_Exercise aim_:
Among the entries below, the lines from the one with "Polyester (600D) sports" up to and including the one with "موقعیت عرصه گردشگری" are to be restated exactly, without pictures.

_Input data_:

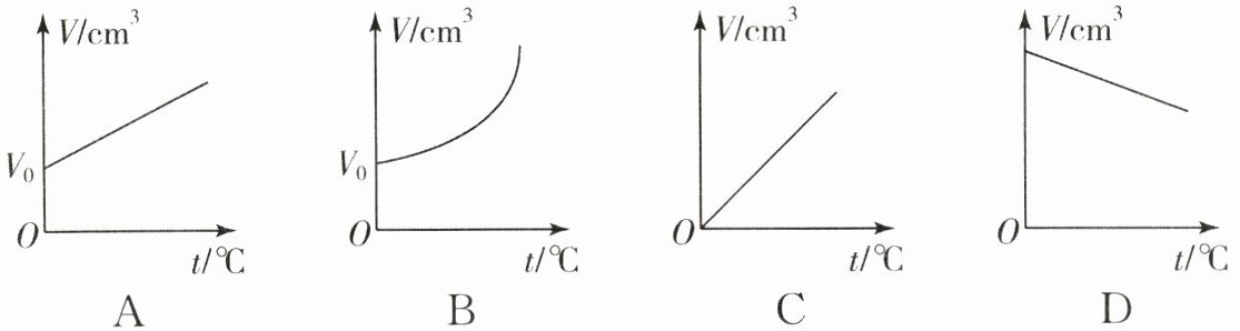 (5)小明上网查到:酒精的温度每改变1℃,其变化的体积和它在0℃时的体积之比是一个定值.如图所示能大致描述酒精体积随温度变化规律的是
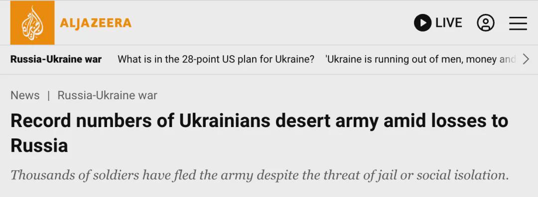 当地时间12月9日,半岛电视台发布了一篇题为《乌克兰前线伤亡惨重,逃兵数量创下历史新高》的文章,其副标题为《尽管面临监禁威胁或可能遭社会孤立,仍有成千上万的士兵逃离部队》。
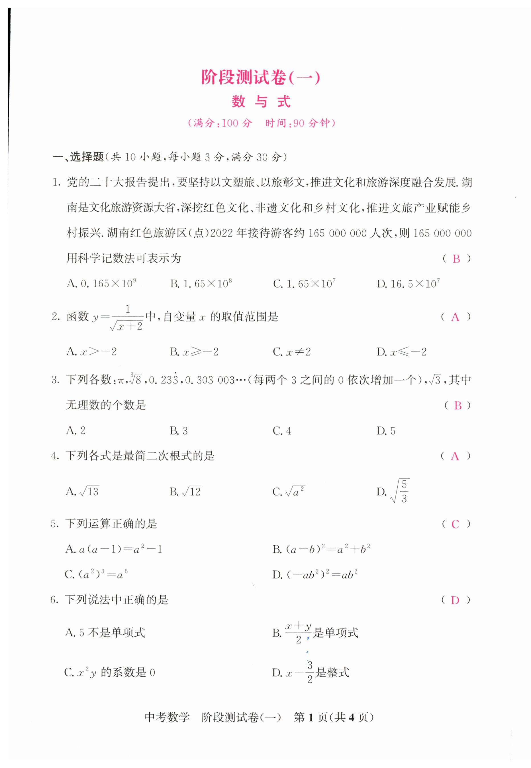 注:目前有些书本章节名称可能整理的还不是很完善,但都是按照顺序排列的,请同学们按照顺序仔细查找。练习册 2024年中考启航数学湖南专版 答案主要是用来给同学们做完题方便对答案用的,请勿直接抄袭。
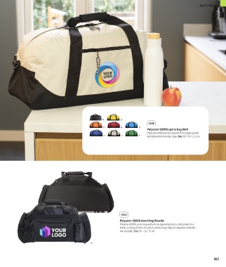 Polyester (600D) sports bag with a front zippered pocket, a side pocket for a
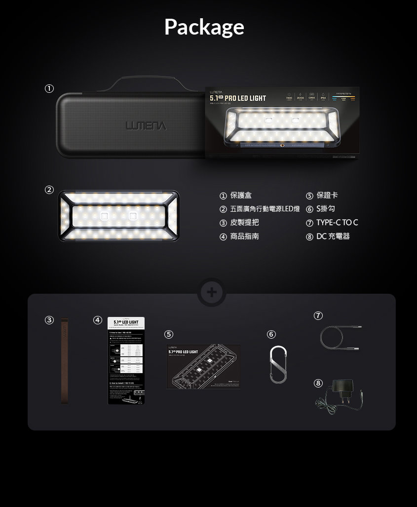 內容物 : 本體、保護盒、TYPE-C 充電線、DC充電器、S掛勾、皮製提把、保證卡、商品指南
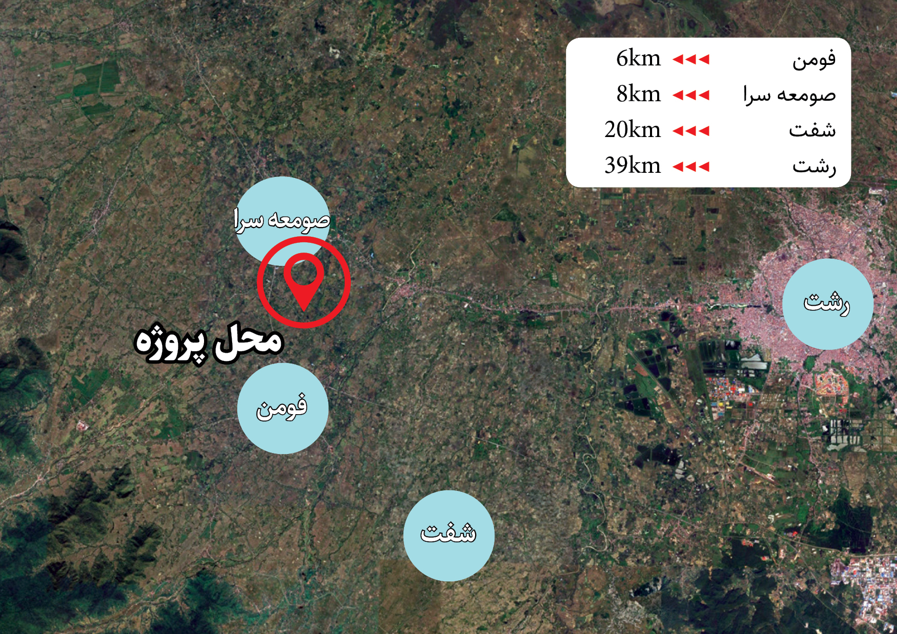 موقعیت عرصه گردشگری فومن نسبت به شهرهای همجوار
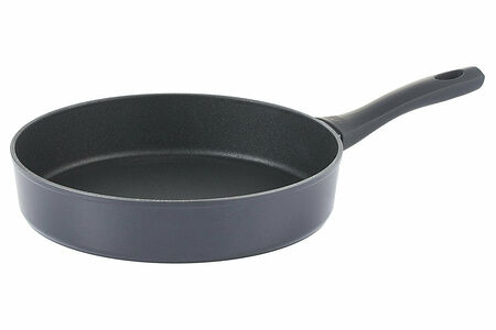 Алюминиевая сковорода Gipfel Diamant 52024 28х6 см. Изготовлена из кованого алюминия, из которого получаются прочные и легкие сковороды с тонкими стенками и толстым дном. Двухслойное антипригарное покрытие Pfluon Premium облегчает приготовление любых продуктов (мяса, рыбы, яиц, овощей), легко выдерживает интенсивную эксплуатацию. Благодаря устойчивости к царапинам, покрытие допускает использование металлических аксессуаров. Для заботящихся о здоровье неоспоримым достоинством будет экологичность данного покрытия, так как оно не содержит перфтороктановой кислоты. Сковорода выполнена в лаконичном дизайне черного цвета и бакелитовой ручкой с покрытием Soft Touch (удобно держать и не скользит в руке). Толщина дна: 4,0 мм, толщина стенок: 2,5 мм. Сковорода диаметром 28 см идеально подходит для приготовления гарниров и вторых блюд (мяса, рыбы, овощей), ее быстро и удобно мыть. Рекомендации по использованию и уходу:Не использовать металлические лопатки.Не мыть жесткой металлической губкой и чистящими порошками.Не разрезать приготовленную пищу в посуде.Не подвергать термошоку.Не рекомендуется мыть в посудомоечной машине.Не жарить еду без масла.Можно использовать на всех типах плит.

_Answer to this task_:
 Polyester (600D) sports bag with a front zippered pocket, a side pocket for a
 內容物 : 本體、保護盒、TYPE-C 充電線、DC充電器、S掛勾、皮製提把、保證卡、商品指南
 موقعیت عرصه گردشگری فومن نسبت به شهرهای همجوار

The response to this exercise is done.